Wolfgang Bergbauer is a German billionaire living in the fictional town of Klein, in Bavaria. He is also a werewolf. Racked with guilt over his killings, he gets the services of a young prostitute, Renate Reinhold, whose BDSM-style torturing of him will, he hopes, assuage his guilt. Their relationship, however, grows far beyond the professional one he'd intended.
Spirits that control the wolf also possess and manipulate him, for the werewolf killings serve their agenda. His butler, Marko, also has an agenda, and enjoys watching him make love with the exhibitionistic Renate. When he develops his own sexual relationship with her, a complicated love triangle ensues, leading the butler to piece together his eccentric employer's dark secret.
Meanwhile, the spirits quickly realize that Wolfgang isn't killing as many people as they wish him to, and they have to consider a new host to carry the werewolf totem. Will the next one be Marko, as they hope...or Renate, as she hopes?
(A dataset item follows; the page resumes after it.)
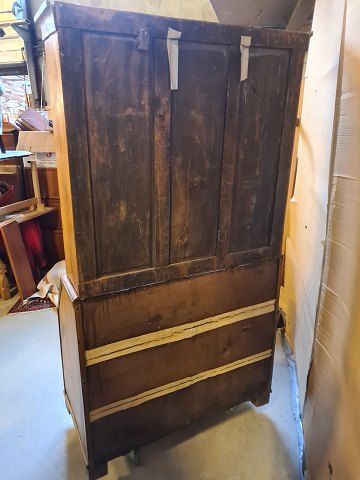 Det har patina og en revne i det ene glas i lågen.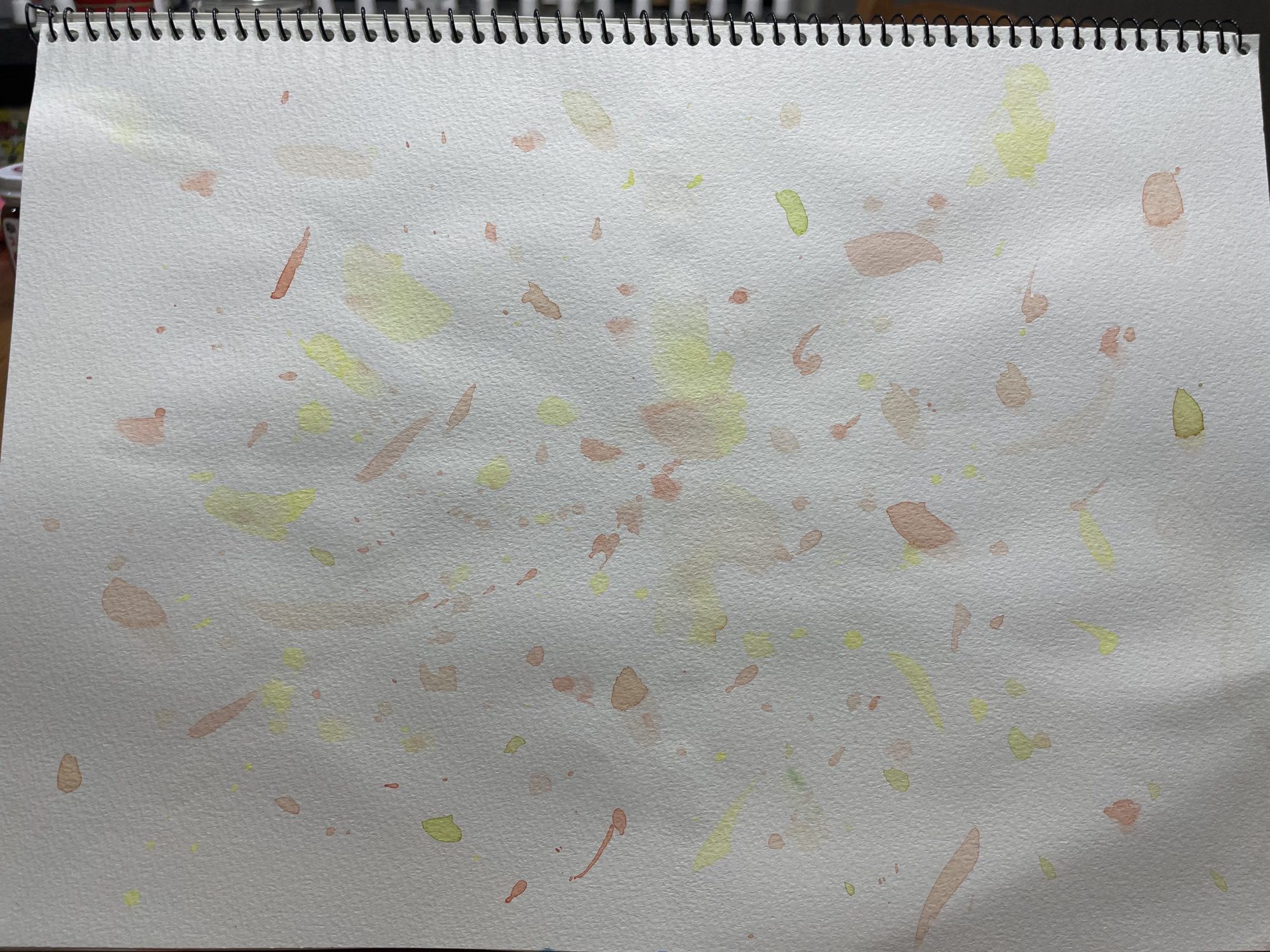 やわらかなオレンジや黄色のしみが、落ち葉がふんわり舞い降りる瞬間のよう。余白の多さが空気を感じさせ、しずかに季節が移り変わる情景を上手に表していますね。

Stylistically, Wolfgang: A Werewolf Erotic Horror Novel would seem to belong to the transgressive literary tradition of Sade and Bataille. The scatological aspects of the book remind one of both authors, while the sexual didacticism and the cataloguing of perversions, which I often found highly comical, are particularly characteristic of Sade. Rightly or wrongly, I even detected Sadean echoes in the names of the three avenging spirits Sades, Chisad, and Chebirüsad.
Unlike the work of Sade and Bataille, however, that of Mawr Gorshin is ideologically infused with a sympathy for the wretched of the earth and an outraged sense of social justice. I was impressed by the manner in which Gorshin appropriated the European folkloric motif of the werewolf and placed it within the context of African liberation in order to condemn the slave trade and the capitalistic exploitation of labor.
At the same time, Wolfgang may be read as parody. The various allusions to the Little Red Riding Hood fairy tale are playfully amusing, and the protagonist Wolfgang himself can be seen as a kind of Dracula-Christ with a lycanthropic twist. The doppelgänger motif is also relevant here: the character Renate, for example, is a parodic double of the character Etty (as well as Wolfgang’s mother and wife), just as the character Marko is a parodic double of Wolfgang’s father.
The Christological nature of the Wolfgang character is emphasized by the themes of crime/punishment, atonement, redemption, and absolution of guilt. These themes are juxtaposed with various Freudian elements: detailed descriptions of erotic dreams, ritualized reenactments of family traumas (with a particular emphasis on the Oedipal), and an implicit association of the superego with good cop/bad cop personae. This eclectic combination makes for a fascinating reading experience.
Overall, Wolfgang is a book of great subtlety and complexity. I highly recommend it to readers with the fortitude necessary for a foray into the realm of the transgressive.